Identification of rare coding EFEMP1 variants in three families with JOAG.
Whole exome sequencing was completed for selected affected and unaffected family members, and exome data was filtered to retain rare variants (MAF < 0.1%) that were protein altering and predicted to be pathogenic using in silico programs. Mutations were identified in known disease-causing genes in 4 families, three withMYOC mutations (p.Ter505Trpext*42; p.Gln337Arg; p.Thr438Ile) and one with a PAX6 mutation (p.Tyr296*). Novel variants of interest (Table S2) were further evaluated for co-segregation with disease in each pedigree using Sanger sequencing. Rare EFEMP1 (MIM: 601548) coding variants (GenBank: NM_001039348.3) were identified in all affected individuals of 3 of the remaining families as follows: (c.238A>T, p. Asn80Tyr) in 16 affected individuals of Family A and not in 18 unaffected family members older than age 18; (c.1480T>C, p. Ter494Glnext*29) was identified in 17 affected family members in family B and not in any family members older than age 18. One Family A member (age 13) and 4 Family B members (ages 7-12) were identified as mutation carriers, but are likely to be too young to manifest disease. Additionally, a third variant (c.1429C>T, p.Arg477Cys) was identified in a single case (Family C) (Figure 1A).

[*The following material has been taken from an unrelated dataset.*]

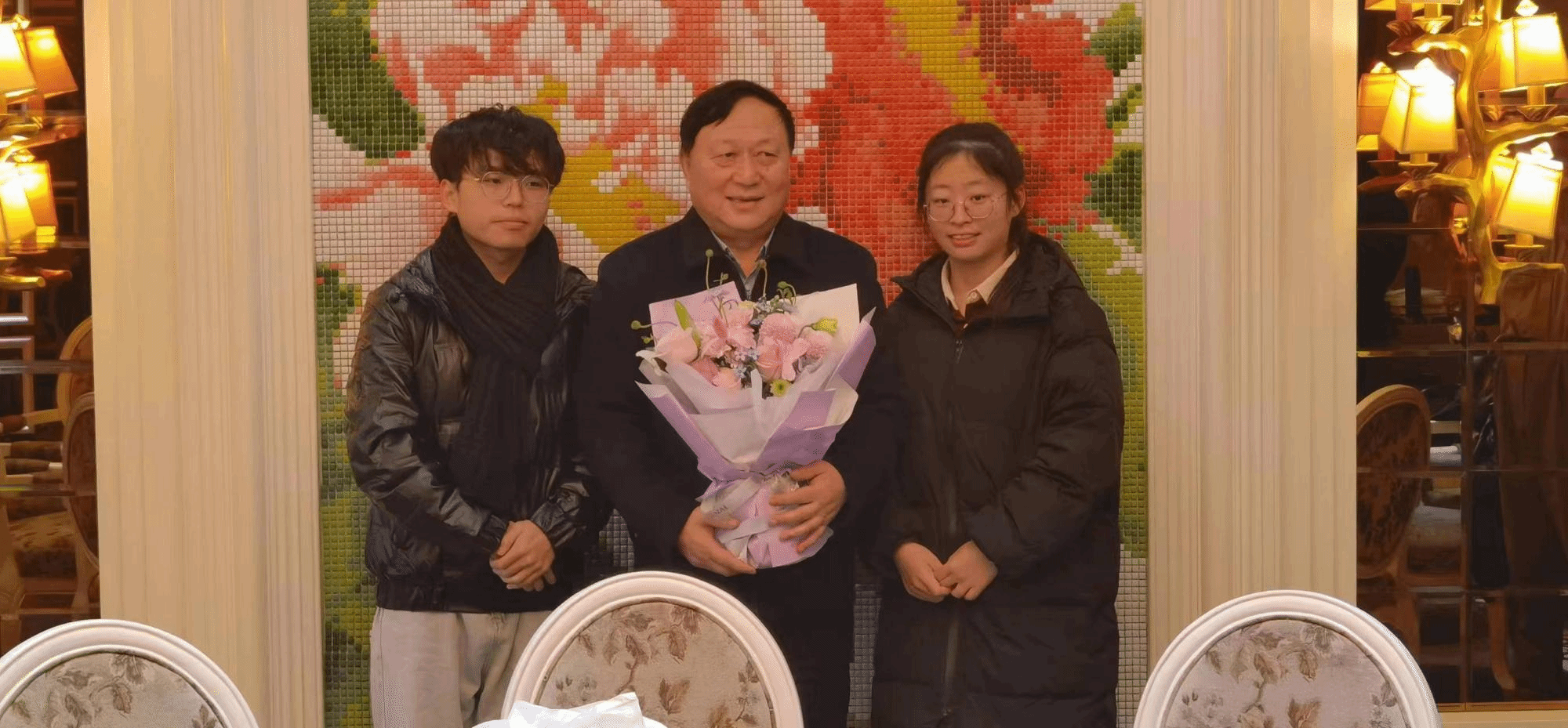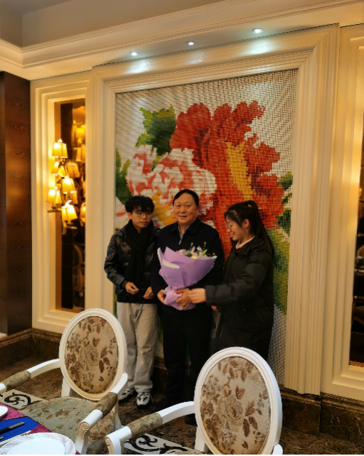随后,两位受助学生代表与陆汉幸先生一同前往酒店参加生日聚餐。在现场,两位同学在陆汉幸先生亲朋好友的祝福声中为陆董送上鲜花和蛋糕,并代表糖心视频 老师以及“宏达奖助学金”全体受助学生向陆董表达了真切的生日祝福。

Patients with EFEMP1 variants (N= 34 in total for all three families) exhibited severe disease with average age of disease onset of 16 years (range 3-43). Affected individuals had much higher than average IOP (28mmHg) and 76% were blind in at least one eye (Table 1). The majority of patients required surgical treatment for IOP elevation, however not all patients had access to clinical care. Retinal examination did not reveal evidence of subretinal deposits (drusen) characteristic of MLVT/DHRD in affected individuals (Figure 2).
The three variants p.Asn80Tyr, p.Ter494Glnext*29, and p.Arg477Cys, identified in affected individuals are not present in population databases including gnomAD and TOPMed and have not been previously reported (the stop loss variant, p.Ter494Glnext*29 is not the same variant as reported in a small Chinese adult onset glaucoma family) (Liu et al., 2020). All three variants are predicted to be deleterious by in silico programs SIFT and Polyphen2 (Table S3). p.Asn80Tyr is located within the first EGF-domain, while p.Arg477Cys and p.Ter494GLNext*29 are within the terminal fibulin-like carboxy terminal domain. p.Ter494GLNext*29 results from replacement of the wild type stop codon with a glutamine residue and the addition of 29 amino acid residues to the polypeptide before a stop codon is encountered (Figure 1B).